In our review of the Transmeta efficeon last month, we discovered persuasive indirect evidence suggesting that the Transmeta efficeon engaged in performance throttling with very little provocation. We decided to take a more direct approach to see if we could manipulate the efficeon's temperature to impact benchmark scores. We also wanted to simultaneously measure the efficeon's clock speed to make certain that the CPU frequency was actually changing along with performance.
Since the slick little Sharp Actius MM20 efficeon notebook boasts integrated 11g wireless networking built-in, we installed WinVNC (the system comes with WindowsXP Home and so does not have XP Pro's Remote Desktop server) so that we could control the system remotely through another computer. Although the freezer did weaken the wireless signal quite a bit, the link was still more than strong enough for a good WinVNC connection.
The Clock is Busted
We wanted to be able to measure the efficeon's clock speed in real time, but we soon discovered that our COSBI CPU Speed program that we wrote as well as other popular programs that report real-time clock speed (such as WCPUID) did not work properly with efficeon. All of these programs reported a constant 1GHz speed with efficeon.

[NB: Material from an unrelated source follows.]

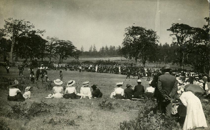 Spectators watching a baseball game, place and teams unidentified, likely Oak Harbor among the Garry Oaks.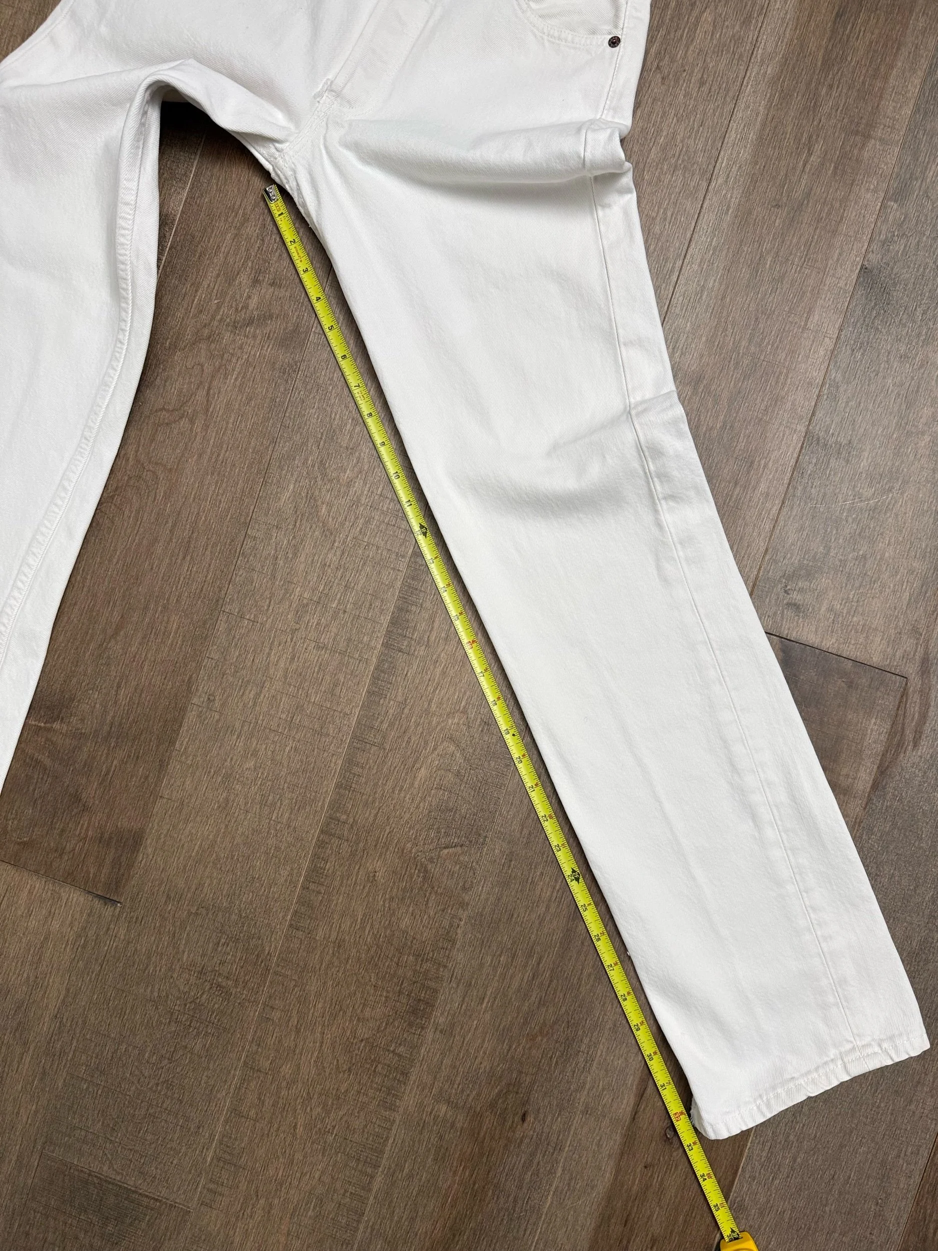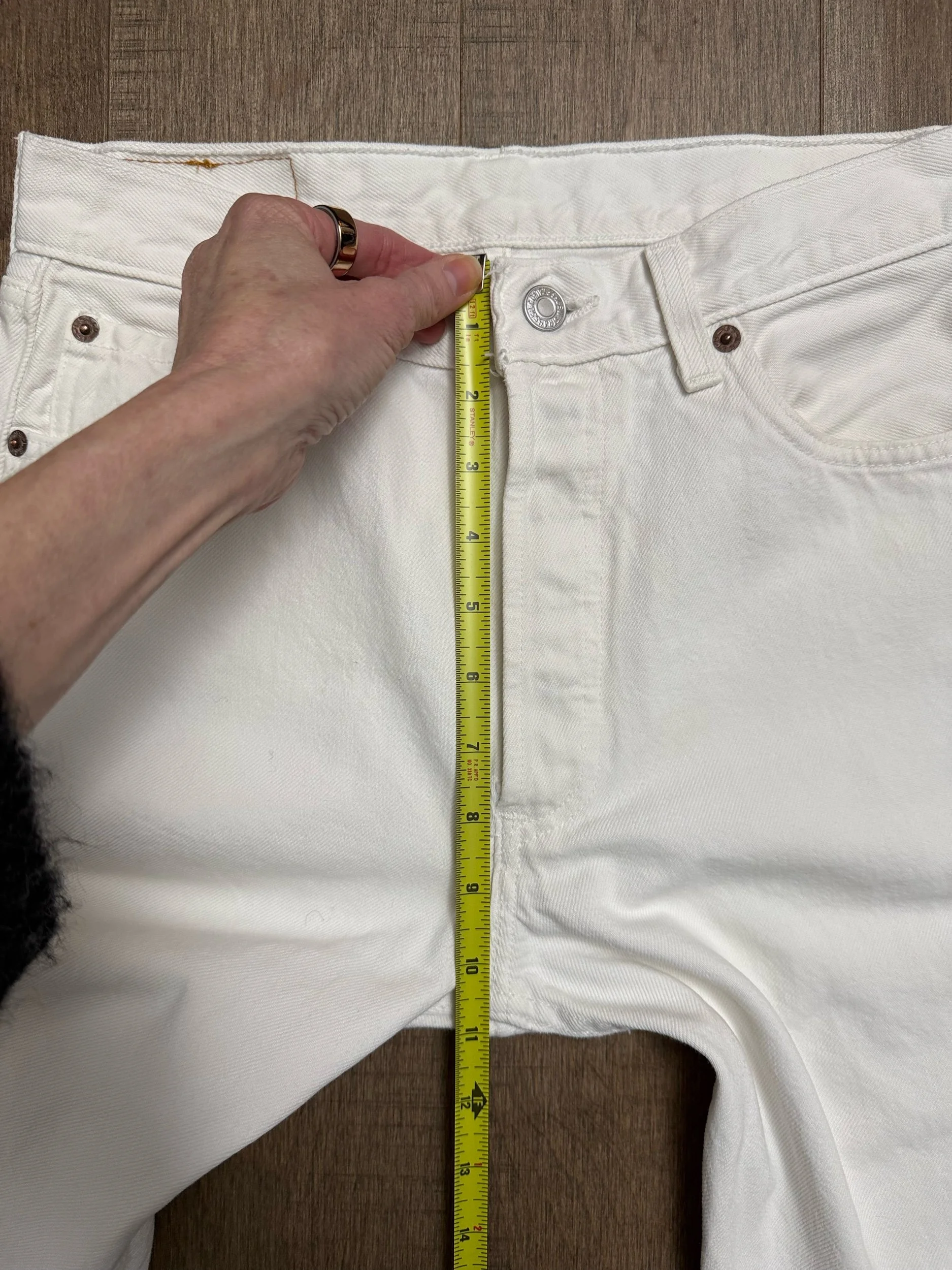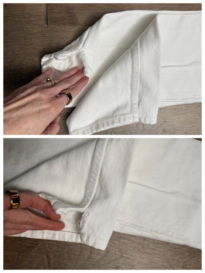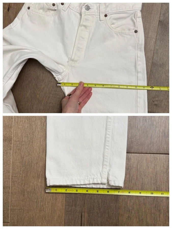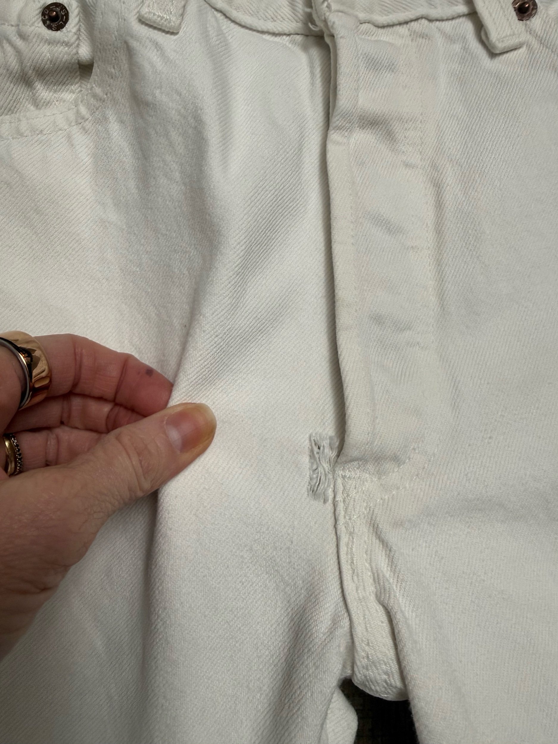 WASH: true white. Little 1-1.5” slits at ankle seam. Little repair by fly (Picture shows the distress, repair will be made prior to shipping)

We knew, however, that Transmeta exposed CPU frequency information through a CPUID call and that this call was working properly in COSBI OSMark. We reworked CPU Speed so that it would detect Transmeta processors and use Transmeta's CPUID function call to obtain the correct clock speed. As you can see below, COSBI CPU Speed now tracks the efficeon frequency transitions in real time as it should.
CPU clock frequencies are being tracked in COSBI CPU Speed. Note the minor bug in the status bar.
Because the original CPU Speed program did not work properly, this likely means that there are at least a few programs that will be broken when running on the efficeon. All modern x86 microprocessors have counter mechanisms that are supposed to be incremented by one with each CPU cycle. A CPU cycle is sometimes referred to as a CPU "clock tick" and the number of elapsed CPU clock ticks is exposed through the x86 function call RDTSC. To measure the CPU clock frequency then only requires that a program obtain the number of clock ticks that have elapsed over a certain time period and then divide by the number of elapsed seconds.
But the efficeon updates RDTSC independently of the actual CPU clock speed and at a rate that corresponds to the maximum CPU frequency. This unconventional behavior will no doubt serve as a hard-to-isolate bug in some existing programs that assume that RDTSC only updates every CPU tick.
Outside the Freezer
Before we subjected the efficeon to the frosty insides of our deepfreeze, we ran our updated "WhetBurn" throttling test program alongside of our new CPU Speed program so that we could track the clock speed. For these tests, we repeatedly calculated and timed a 40th order Fibonacci sequence. A "Fib" sequence is a very simple and computationally undemanding recursive integer algorithm that is still sufficient to cause the efficeon to enter increasingly severe levels of thermal throttling. Doubtlessly, games, math, photo editing, encoding and many other applications will cause the efficeon to heat up much faster and hotter, but calculating a Fibonacci sequence works well enough for our purposes here.
Here is the Delphi 7 code for the Fibonacci function we used:
function Fibonacci( n : integer ) : integer;
if n > 2 then begin
result := Fibonacci( n - 1 ) + Fibonacci( n - 2 )
end else begin
result := 1;
end; // if
end; // function Fibonacci( n : integer ) : integer;
In the picture below, you can see that the efficeon started throttling quickly.
The efficeon enters throttling by toggling the clock speed from 1GHz to 833MHz. After a little less than five minutes, the efficeon began to flatline at 833MHz. We have seen the efficeon throttle down to 533MHz under extreme conditions using more demanding programs, but 833MHz is what we were aiming for before sticking the efficeon notebook in the freezer.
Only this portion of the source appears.